Copy exactly the lines that run from the top of the listing to the line containing "假定两辆汽车在路上彼此经过,且示速器上都", both ends included, and omit the pictures.

» **Given material**:
━━━
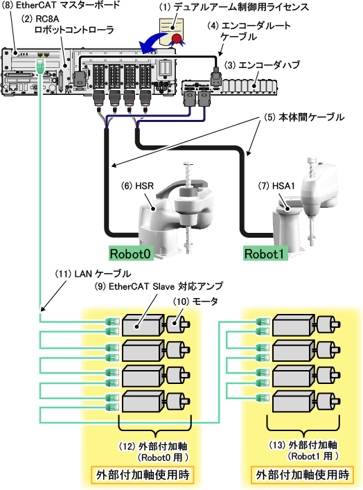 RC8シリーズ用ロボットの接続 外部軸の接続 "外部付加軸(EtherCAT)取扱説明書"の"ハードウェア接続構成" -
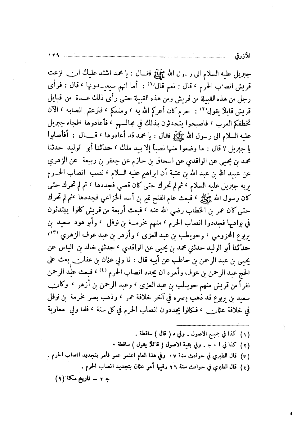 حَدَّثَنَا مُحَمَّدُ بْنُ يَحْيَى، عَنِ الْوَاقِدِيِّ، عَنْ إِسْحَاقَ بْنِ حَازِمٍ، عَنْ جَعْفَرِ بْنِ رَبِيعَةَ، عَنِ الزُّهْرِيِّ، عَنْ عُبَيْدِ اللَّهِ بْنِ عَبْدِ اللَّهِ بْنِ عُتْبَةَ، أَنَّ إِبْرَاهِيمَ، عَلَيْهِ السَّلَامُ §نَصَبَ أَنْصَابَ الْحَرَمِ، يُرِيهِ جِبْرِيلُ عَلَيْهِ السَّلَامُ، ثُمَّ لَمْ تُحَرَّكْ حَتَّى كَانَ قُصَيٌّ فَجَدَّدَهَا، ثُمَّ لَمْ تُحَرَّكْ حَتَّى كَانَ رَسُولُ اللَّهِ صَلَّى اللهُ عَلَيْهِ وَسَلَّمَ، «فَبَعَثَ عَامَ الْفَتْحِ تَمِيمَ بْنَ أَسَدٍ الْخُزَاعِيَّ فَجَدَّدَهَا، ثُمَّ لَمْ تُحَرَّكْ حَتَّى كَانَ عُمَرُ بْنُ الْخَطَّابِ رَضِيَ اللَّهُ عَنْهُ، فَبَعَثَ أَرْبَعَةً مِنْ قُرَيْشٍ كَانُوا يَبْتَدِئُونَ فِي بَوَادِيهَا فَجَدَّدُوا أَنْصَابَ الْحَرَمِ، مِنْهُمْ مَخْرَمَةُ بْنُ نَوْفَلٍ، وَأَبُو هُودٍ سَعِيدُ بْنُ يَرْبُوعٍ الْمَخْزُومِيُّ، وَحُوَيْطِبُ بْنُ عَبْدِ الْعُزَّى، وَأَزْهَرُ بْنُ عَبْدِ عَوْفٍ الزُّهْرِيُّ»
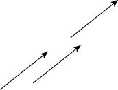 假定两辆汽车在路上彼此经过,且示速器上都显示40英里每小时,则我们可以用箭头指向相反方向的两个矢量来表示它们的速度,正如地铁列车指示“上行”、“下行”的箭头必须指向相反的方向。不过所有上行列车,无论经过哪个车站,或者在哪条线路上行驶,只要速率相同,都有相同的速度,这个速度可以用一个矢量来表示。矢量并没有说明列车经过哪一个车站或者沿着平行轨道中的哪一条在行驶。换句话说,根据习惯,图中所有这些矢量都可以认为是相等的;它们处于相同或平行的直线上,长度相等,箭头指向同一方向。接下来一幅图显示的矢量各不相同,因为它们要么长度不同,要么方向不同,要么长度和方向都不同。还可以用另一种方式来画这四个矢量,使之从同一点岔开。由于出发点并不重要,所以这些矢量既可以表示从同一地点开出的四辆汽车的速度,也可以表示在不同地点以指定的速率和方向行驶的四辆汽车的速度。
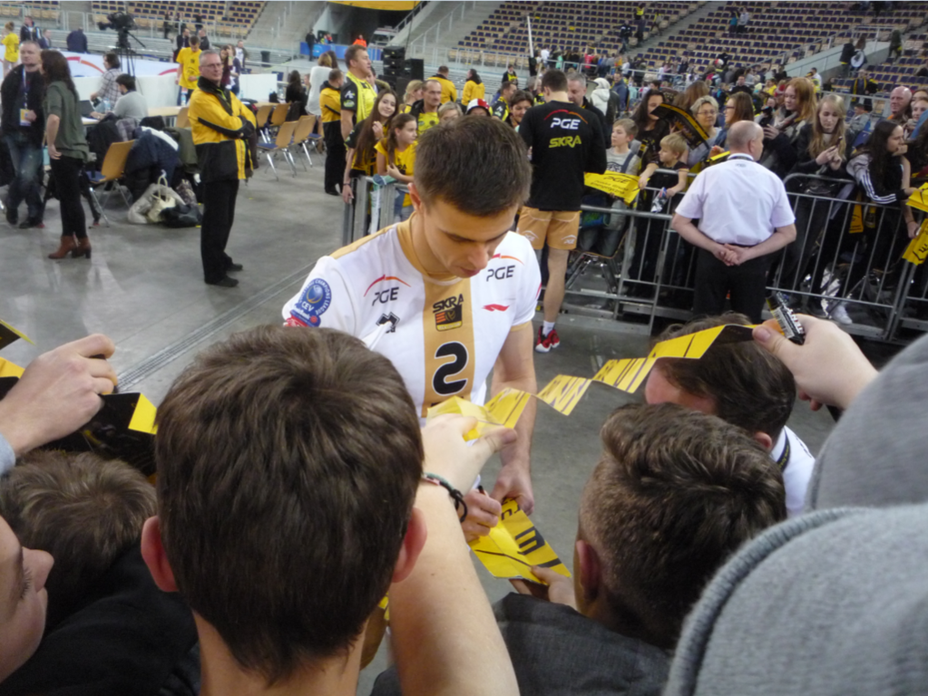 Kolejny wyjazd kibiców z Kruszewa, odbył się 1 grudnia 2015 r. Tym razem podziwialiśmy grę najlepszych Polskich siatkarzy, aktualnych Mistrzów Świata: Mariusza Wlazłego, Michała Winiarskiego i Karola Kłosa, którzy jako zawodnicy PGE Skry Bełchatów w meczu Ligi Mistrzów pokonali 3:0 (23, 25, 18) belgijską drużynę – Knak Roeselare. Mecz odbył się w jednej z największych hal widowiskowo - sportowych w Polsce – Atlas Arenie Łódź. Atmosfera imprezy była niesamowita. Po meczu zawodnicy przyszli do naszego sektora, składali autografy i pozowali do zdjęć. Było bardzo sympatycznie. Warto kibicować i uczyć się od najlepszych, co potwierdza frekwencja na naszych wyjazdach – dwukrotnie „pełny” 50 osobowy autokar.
━━━
» **Task answer**:
 RC8シリーズ用ロボットの接続 外部軸の接続 "外部付加軸(EtherCAT)取扱説明書"の"ハードウェア接続構成" -
 حَدَّثَنَا مُحَمَّدُ بْنُ يَحْيَى، عَنِ الْوَاقِدِيِّ، عَنْ إِسْحَاقَ بْنِ حَازِمٍ، عَنْ جَعْفَرِ بْنِ رَبِيعَةَ، عَنِ الزُّهْرِيِّ، عَنْ عُبَيْدِ اللَّهِ بْنِ عَبْدِ اللَّهِ بْنِ عُتْبَةَ، أَنَّ إِبْرَاهِيمَ، عَلَيْهِ السَّلَامُ §نَصَبَ أَنْصَابَ الْحَرَمِ، يُرِيهِ جِبْرِيلُ عَلَيْهِ السَّلَامُ، ثُمَّ لَمْ تُحَرَّكْ حَتَّى كَانَ قُصَيٌّ فَجَدَّدَهَا، ثُمَّ لَمْ تُحَرَّكْ حَتَّى كَانَ رَسُولُ اللَّهِ صَلَّى اللهُ عَلَيْهِ وَسَلَّمَ، «فَبَعَثَ عَامَ الْفَتْحِ تَمِيمَ بْنَ أَسَدٍ الْخُزَاعِيَّ فَجَدَّدَهَا، ثُمَّ لَمْ تُحَرَّكْ حَتَّى كَانَ عُمَرُ بْنُ الْخَطَّابِ رَضِيَ اللَّهُ عَنْهُ، فَبَعَثَ أَرْبَعَةً مِنْ قُرَيْشٍ كَانُوا يَبْتَدِئُونَ فِي بَوَادِيهَا فَجَدَّدُوا أَنْصَابَ الْحَرَمِ، مِنْهُمْ مَخْرَمَةُ بْنُ نَوْفَلٍ، وَأَبُو هُودٍ سَعِيدُ بْنُ يَرْبُوعٍ الْمَخْزُومِيُّ، وَحُوَيْطِبُ بْنُ عَبْدِ الْعُزَّى، وَأَزْهَرُ بْنُ عَبْدِ عَوْفٍ الزُّهْرِيُّ»
 假定两辆汽车在路上彼此经过,且示速器上都显示40英里每小时,则我们可以用箭头指向相反方向的两个矢量来表示它们的速度,正如地铁列车指示“上行”、“下行”的箭头必须指向相反的方向。不过所有上行列车,无论经过哪个车站,或者在哪条线路上行驶,只要速率相同,都有相同的速度,这个速度可以用一个矢量来表示。矢量并没有说明列车经过哪一个车站或者沿着平行轨道中的哪一条在行驶。换句话说,根据习惯,图中所有这些矢量都可以认为是相等的;它们处于相同或平行的直线上,长度相等,箭头指向同一方向。接下来一幅图显示的矢量各不相同,因为它们要么长度不同,要么方向不同,要么长度和方向都不同。还可以用另一种方式来画这四个矢量,使之从同一点岔开。由于出发点并不重要,所以这些矢量既可以表示从同一地点开出的四辆汽车的速度,也可以表示在不同地点以指定的速率和方向行驶的四辆汽车的速度。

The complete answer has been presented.